For the word "Cecilia", search the records and show each line in which it occurs.

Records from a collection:
--
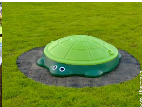
vasca per la sabbia
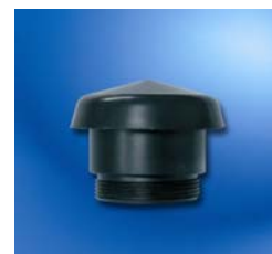
Seta de aireación
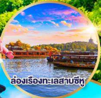
ล่องเรือทะเลสาบซีหู
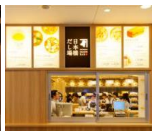
日本橋だし場+ EXPASA 海老名店
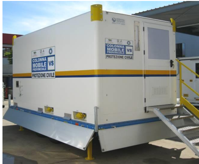
Vista del conjunto su ángulo posterior/entrada y flanco con juntas/enlazamientos
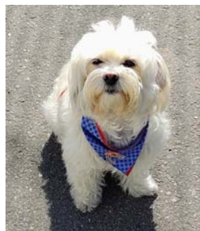
Botico, 8 aninhos
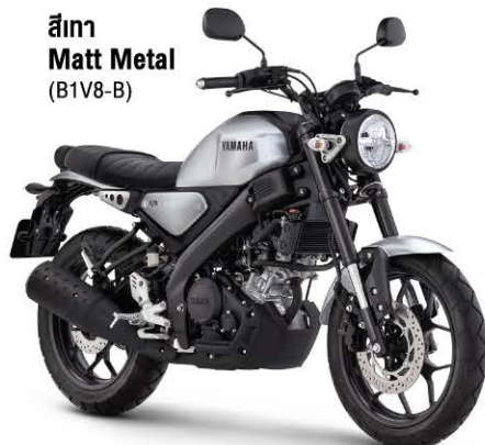
สีเทา Matt Metal (B1V8-B)

*รับประกันคุณภาพชิ้นส่วนใน 3 กลุ่มหลัก ได้แก่ กลุ่มเครื่องยนต์ กลุ่มโครงสร้าง และกลุ่มระบบไฟฟ้า โดย บริษัท ไทยยามาฮ่ามอเตอร์ จำกัด สอนตามรายละเอียดเพิ่มเติมได้ที่ ศูนย์จำหน่ายและบริการยามาฮ่าทั่วประเทศ หรือศึกษารายละเอียดเพิ่มเติมที่ www.yamaha-motor.co.th **ภาพถ่ายเพื่อใช้ประกอบการโฆษณาเท่านั้น
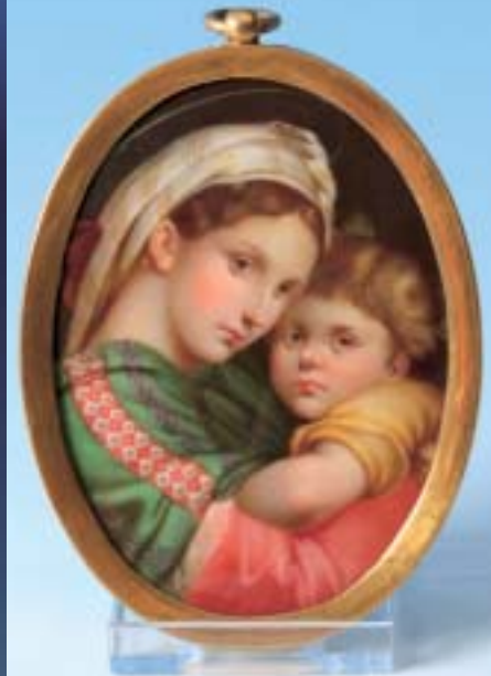
Anhänger „Maria mit dem Jesuskind“ Meissen 1815-1860 8,5 cm x 6,5 cm
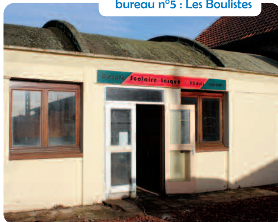
bureau n°5 : Les Boulistes

D'autres informations sont disponibles sur le site : www.interieur.gouv.fr
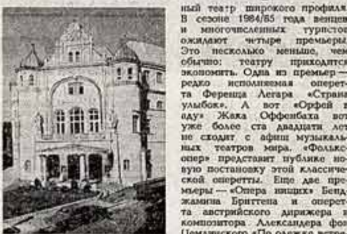
С жанровым и историческим искусством венской «Фольксопера» советские зрители впервые познакомились в прошлом году...
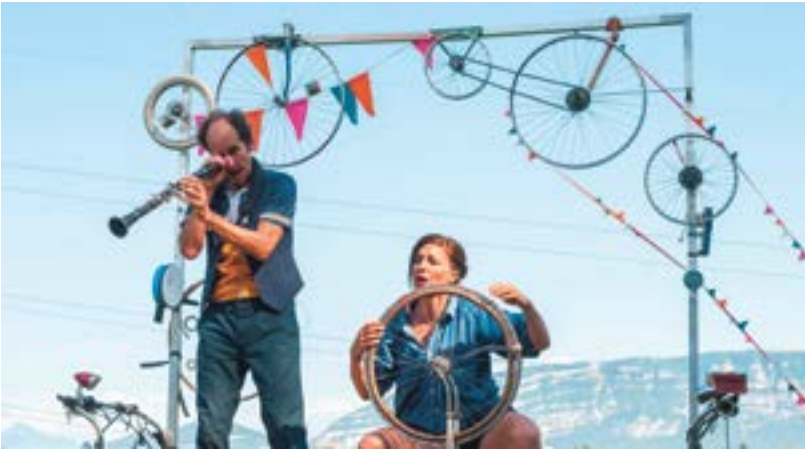
Engrenage, une histoire pour dépanner
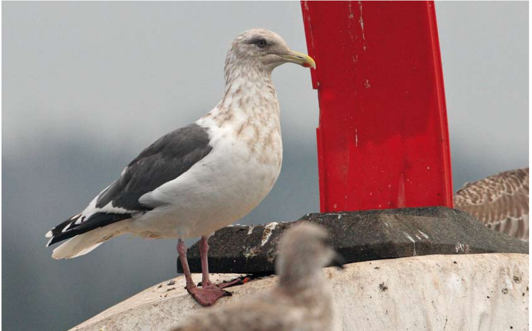
537 Slaty-backed Gull / Kamtsjatkameeuw Larus schistisagus , adult, Kikkonummi, Helsinki, Finland, 3 November 2012
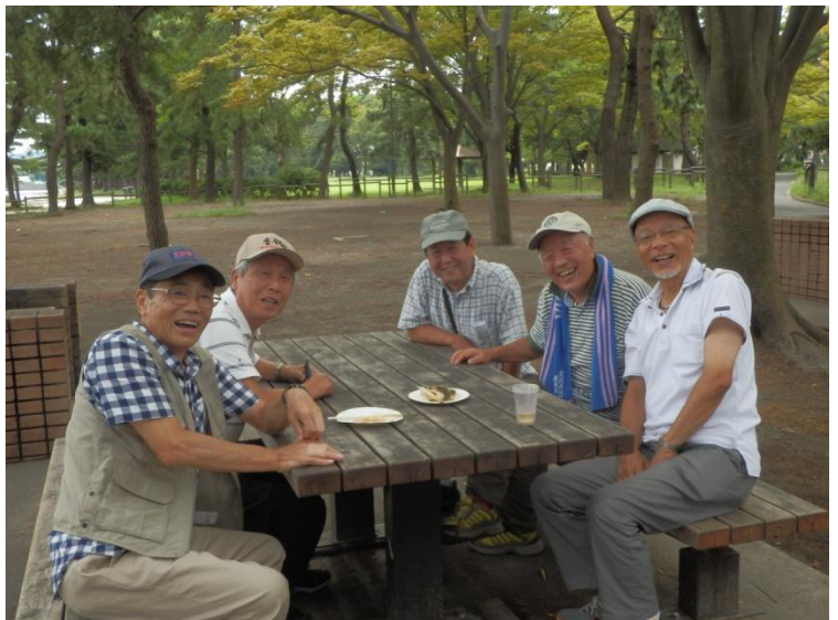
「何がうれしいのか？、子供じゃあるまいし！ いい年して……！」
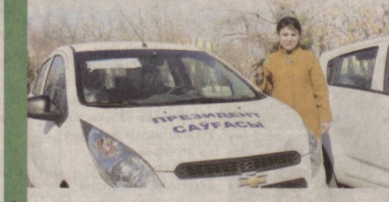
Автомашиналар Ёшлар иттифоқининг шаҳар ва туман кенгашлиари раисларига ўн йиллик имтиёзли кредит асосида тақдим этилган.
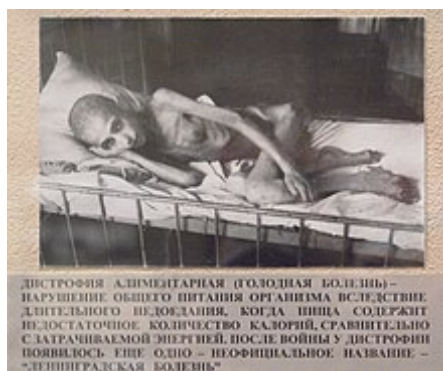
Vyhladované leningradské dieťa v nemocnici.

V dôsledku toho, že nemecké sily neboli schopné obsadiť mesto z chodu, začali ho od 26. septembra 1941 obliehať, ostreľovať ťažkým delostrelectvom a intenzívne bombardovať. V jednom z nemeckých rozkazov sa zachovalo svedectvo o tom, že v prípade dobytia mesta nacistickými vojskami si Hitler jeho ďalšiu existenciu neprial a neváhal ho preto zrovnať so zemou. Situácia v meste sa zatiaľ stávala čoraz viac kritickou zo sanitárneho hľadiska. Do mesta pred postupujúcimi Nemcami totiž utekalo veľa civilistov zo širšieho okolia. Mesto však na taký veľký príliv utečencov nebolo pripravené a väčšina z nich žila v provizórnych utečeneckých táboroch. Po tom čo sa začala zima boli práve oni jednými z prvých, ktorí začali umierať v dôsledku hladu. Zlú situáciu obkľúčeného mesta navyše umocnilo zničenie Badajevových skladov potravín pri nemeckých náletoch 8. septembra. Až 12. septembra sa ukázalo, že v meste zostali zásoby pre armádu a civilistov aj v prípade veľmi ekonomického zaobchádzania len na niekoľko týždňov. Odhady vyčíslili ich stav takto [7] :
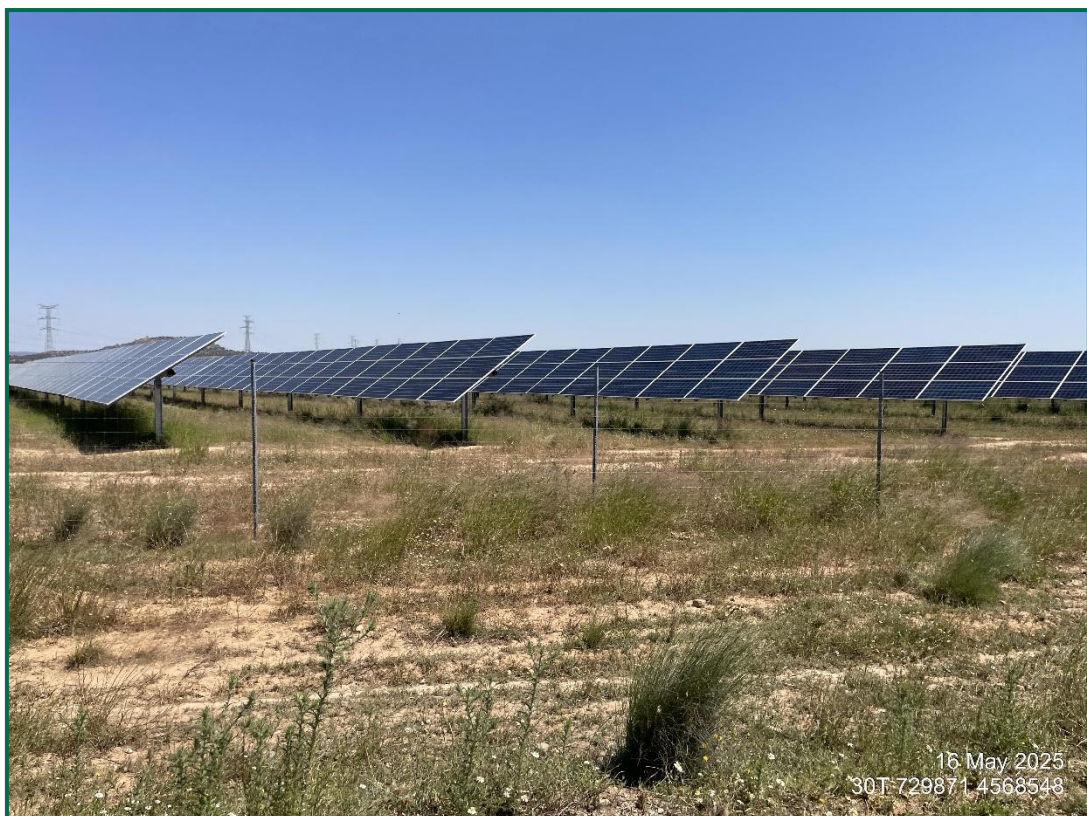
Fotografía 4. Zona revegetada.
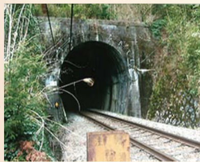
▲矢立(やたたず)トンネル

トンネルがあり、距離にして約6キロに及ぶ。全距離のおよそ4割である。総工費は531万円。1キロ当たりの単価は、全国平均20万円に対し、
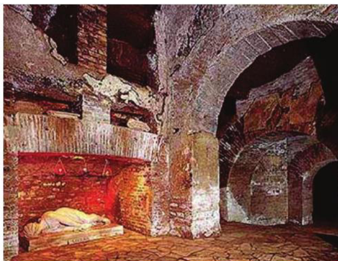
Cripta de Santa Cecilia

Es un poco incierto el motivo por el que Cecilia terminó siendo la patrona de la música. Se dice que el padrinazgo de la música le fue otorgado debido al relato de su martirio en el que demostró su convicción al entonar el salmo LXX. Su espíritu sensible y apasionado por este arte convirtió así su nombre en símbolo de la música.
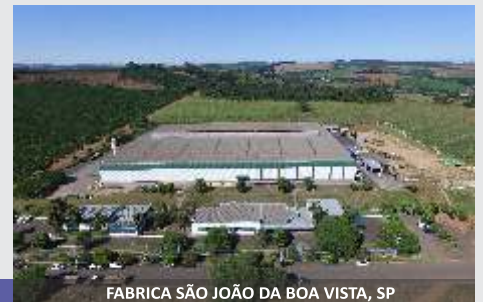
FABRICA SÃO JOÃO DA BOA VISTA, SP

Línea de Mixers JF, la solución para el ganadero!
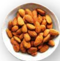
ALMENDRA TOSTADA 25 KG
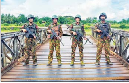
တပ်မတော်စစ်ကြောင်းများက အကြမ်းဖက်သမားများ ယာယီစိုးရိမ်ထားသည့် ကနန်ကျေးရွာအား ပြန်လည်သိမ်းပိုက်ရရှိခဲ့မှုကို တွေ့ရစဉ်။

အကြမ်းဖက်သောင်းကျန်းသူ များအနေဖြင့် ကနန်ကျေးရွာအား ယာယီစိုးရိမ်ထားစဉ် ဒေသခံပြည်သူ လူထု၏ ကိုယ်ကျိုးစီးပွားကို မငဲ့ကွက်ဘဲ ကျေးရွာရှိ ပြည်သူများ
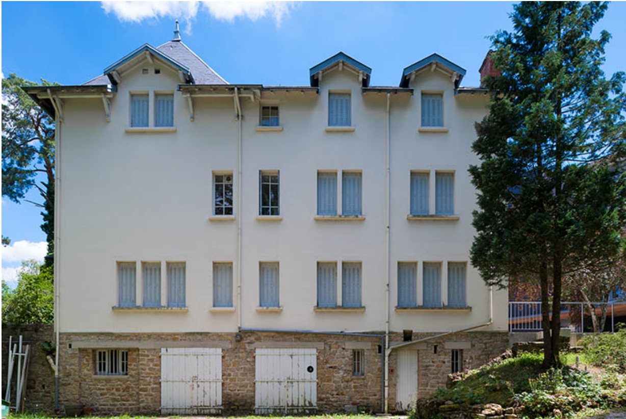
Chalet Colette : façade postérieure de l'aile ouest.

39, Lons-le-Saunier, 410 montée Gauthier Villars
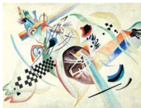
На фото: Василий Кандинский «На белом» (Композиция 224). 1920.

15 декабря в Кузбасском центре искусств открывается мультимедийная выставка «Русский авангард», организованная в рамках деятельности филиала Русского музея в городе Кемерово.
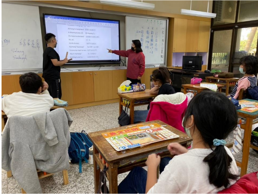
西拉雅語-課堂上練習唱誦西拉雅歌曲
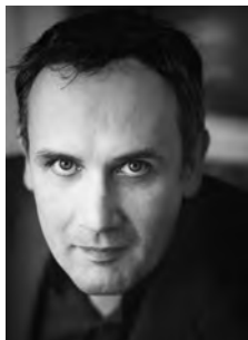
Volker Kutscher
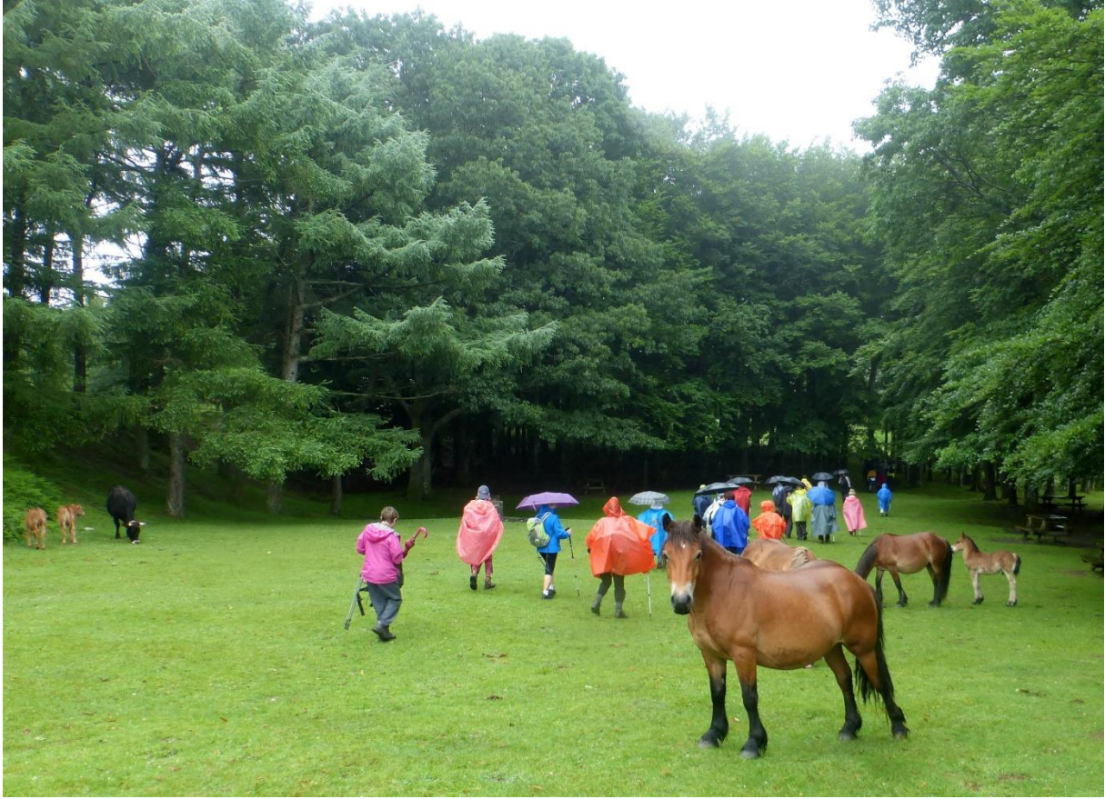
San Anton urtegitik Irunerantz
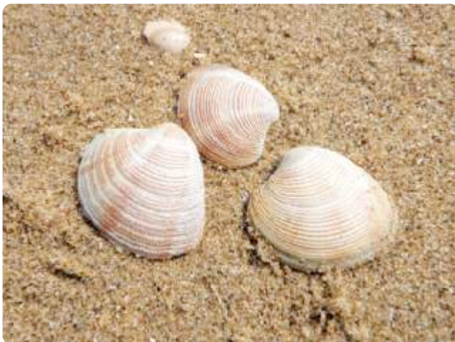
De gewone, maar prachtige venusschelpen. De familie van deze schelpen telt meer dan 500 soorten.
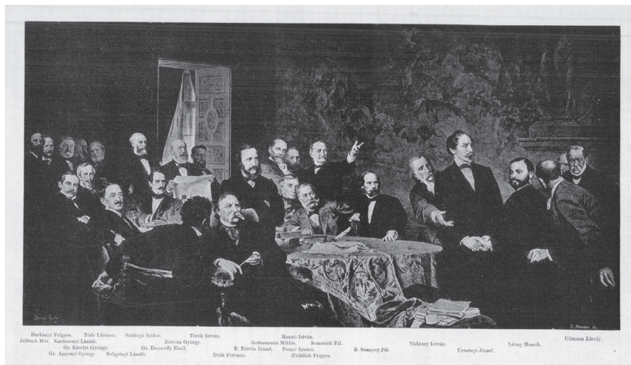
1. kép. Benczúr Gyula: Az Első Magyar Általános Biztosító Társaság alapítóinak első alakuló közgyűlése, 1857. július 15. (Forrás: Vasárnapi Ujság, 1883. április 1.)

Jellinek Mór (1824–1883) és a magyar gazdaság modernizációja*
--
Written reply »
Cripta de Santa Cecilia
Es un poco incierto el motivo por el que Cecilia terminó siendo la patrona de la música. Se dice que el padrinazgo de la música le fue otorgado debido al relato de su martirio en el que demostró su convicción al entonar el salmo LXX. Su espíritu sensible y apasionado por este arte convirtió así su nombre en símbolo de la música.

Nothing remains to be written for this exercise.